I remember that's a great story.
Yeah. I've always been
a collector of arcane thoughts and facts.
And so I get a kick out of it.
["The Bar of No at All"]
When you did the audition, you're leaving,
and then you say the thing about the bar of no at all,
so what was their response?
Well, they were laughing.
That was the only reason I did that because, again,
I had a great career going in Europe,
big audiences and I was toast to the town back there.
But I didn't want to leave that office,
have them think I was some kind of Momo,
just some guy, some actor,
because I knew what I was doing,
but I needed to make them laugh before I left,
to regain my dignity because it was just
shatters all over the carpet from my audition.
So that's the only reason I did it two days later, I get a call.
Did you get laugh?
Did they laugh?
Oh, yeah.
So you knew you left on a high.
Well, I went into a whole character because it's those characters,
the eyebrows go, you know.
You got the convoluted motion that goes with it.

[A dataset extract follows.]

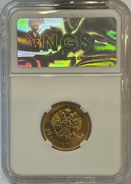 В центре изображен Малый Государственный Герб Российской империи - двуглавый орёл, головы которого увенчаны двумя коронами, третья, большая корона над ними. Все они соединены орденской лентой ордена Св. Апостола Андрея Первозванного. На груди орла расположен Московский герб, в щите изображен Георгий Победоносец с копьем поражающий дракона. Вокруг щита цепь ордена Св. Апостола Андрея Первозванного. На крыльях изображены гербы: Царства Казанского, Польского, Херсонеса Таврического, Астраханского, Сибирского, Грузинского, герб соединенных княжеств Киевского, Новгородского и Владимирского и герб Великого Княжества Финляндского — по 4 на каждое крыло. В правой лапе орла – скипетр, в левой – держава. Под ним слева направо изображены: номинал - надпись «10 РУБЛЕЙ» и дата выпуска «1899 Г.». По окружности канта имеются рельефные элементы, выполненные в виде зубцов.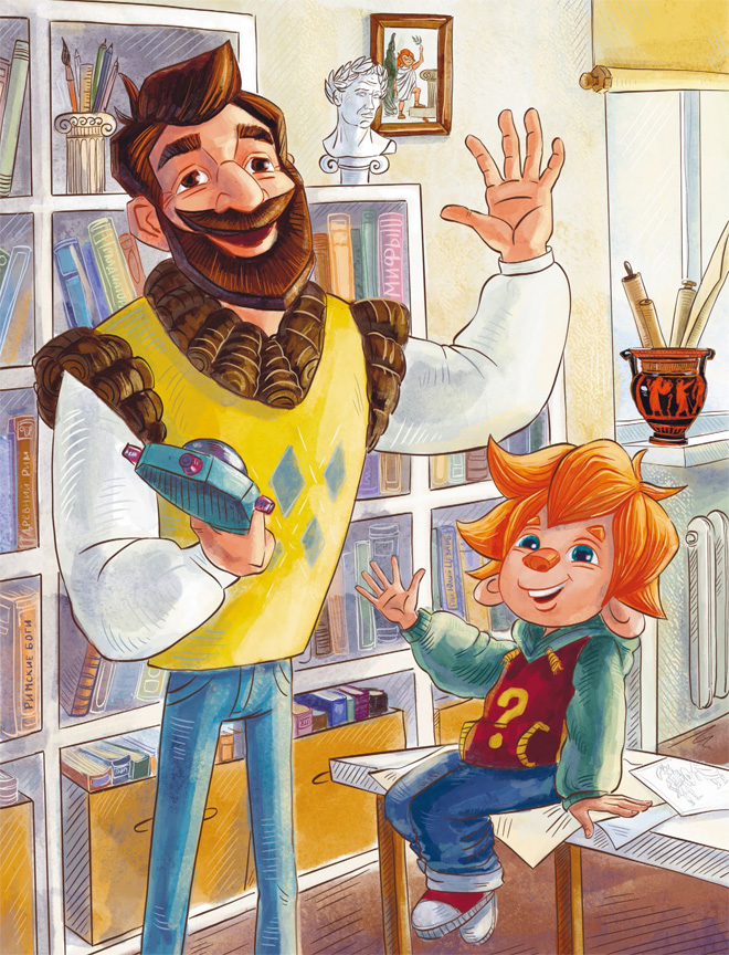 Здравствуйте, ребята! Меня зовут Чевостик. Я живу на книжной полке в библиотеке у дяди Кузи. Не удивляйтесь, я небольшого роста, а нижняя полка в книжном шкафу дяди Кузи очень высокая и просторная, поэтому мне на ней хорошо и удобно. Какой я? Похож на обыкновенного мальчишку, волосы рыжие, характер весёлый. Дядя Кузя в шутку зовёт меня Чевочкой с хвостиком. Но никакого хвоста у меня нет, зато есть ушки на макушке. Больше всего на свете я люблю узнавать новое, поэтому всё время задаю всякие вопросы дяде Кузе. О чём бы я ни спросил, он всё знает и мне рассказывает. Это потому, что дядя Кузя очень умный. Он прочитал много-много разных книг. А ещё мы с ним любим путешествовать! В путешествиях нам помогает времяскок. Это такой прибор, его дядя Кузя изобрёл. Набираешь на времяскоке место и время, куда хочешь попасть, раз, два – и уже там! Сегодня мы тоже наверняка куда-нибудь отправимся!

And there's a cop who's a father of a buddy of mine growing up.
And he was like that too.
And I always used to make fun of him.
And so, you know, mixed them all up.
And boom, bada boom.
Johnny, it was a brilliant character.
It truly was. You made me laugh so hard.
I can go back and reruns and you make me laugh.

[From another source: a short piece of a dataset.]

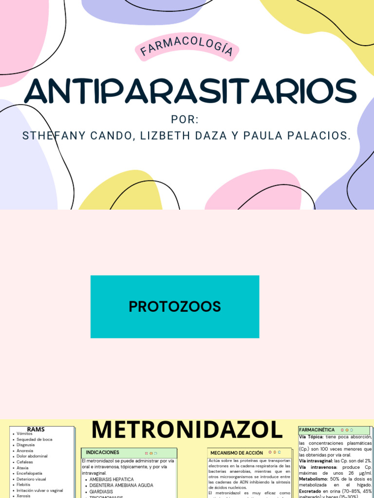 Cefaleas El metronidazol se puede administrar por vía Actúa sobre las proteínas que transportan Vía intravaginal: las Cp. son del 2%.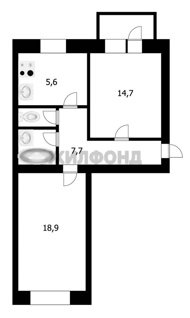 - Общая площадь: 55.5 м2

I just, I love those types of that.
It's sort of the pompous individual.
Everybody knows he's full of it.
But yet, okay, let's listen to him and pretend he's right.

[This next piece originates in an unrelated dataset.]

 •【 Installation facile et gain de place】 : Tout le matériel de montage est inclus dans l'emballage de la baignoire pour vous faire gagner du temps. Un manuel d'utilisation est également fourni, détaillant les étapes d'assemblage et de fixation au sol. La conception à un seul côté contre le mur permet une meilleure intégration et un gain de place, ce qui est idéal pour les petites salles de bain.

Now, another influence because you told me this and
you actually got me to start watching his movies, Jacques Tati.
Oh, Jacques Tati, yeah.
Tell me first a little bit about him.
Well, it's just after Second World War,
I started making movies.
But he's the reason that I had the wardrobe guy at Cheers lift up my pant like the cuffs.
You could see the white socks.
It's because of Jacques Tati.
Jacques Tati, and a lot of his, he didn't, I only talked.
But he just walked across the room and just his body language and the way he looked at other people would stare and
You know, Jamie actually started like a knock, you know drink down on the dog and the dog
And just a whole big chaos. Yeah, and all he had to do is walk walk through a room
I just how brilliant that is. But as a matter of fact, I was thinking about him last night. I've been to this hotel
up here in Hollywood,
and they got all these knobs and buttons,
and I couldn't turn off the light.
I was like, what the hell?
But Jacques Tati did a movie called Mon Onc.
It's all that, all these modern doodads and squiggles and spigots.
But it's funny you've mentioned that,
I was just thinking about that last night.
We haven't talked a lot about,
I mean we have talked a lot about Cheers,
but these are some silly questions.
Like, do you have favorite moments?
Do you have favorite episodes?
Do you have anything?
Oh, the Cheers?
Yeah.
I can't think of a time that a day that wasn't favorite.
It just seemed like it just got better and better.
I really enjoyed the read-through of the scripts.
David sent us a script about on Friday or the weekend,
so that we would have it in front of us Monday.
I never opened it.
I would go in to work with you guys not having read the script.
Every time you turned the page,
it was like a little Christmas present.
Yeah.
Because I loved the way the writing.
You never saw it coming.
Yeah.
Whereas most sitcoms, you can see it coming. Yeah. Whereas most sitcoms,
you can see it a mile away,
you know what's going to happen.
But with Cheers, you just didn't see it coming.
Yeah.
So I just thought I got kicked out of that.
But that was one of my favorite moments every week was that.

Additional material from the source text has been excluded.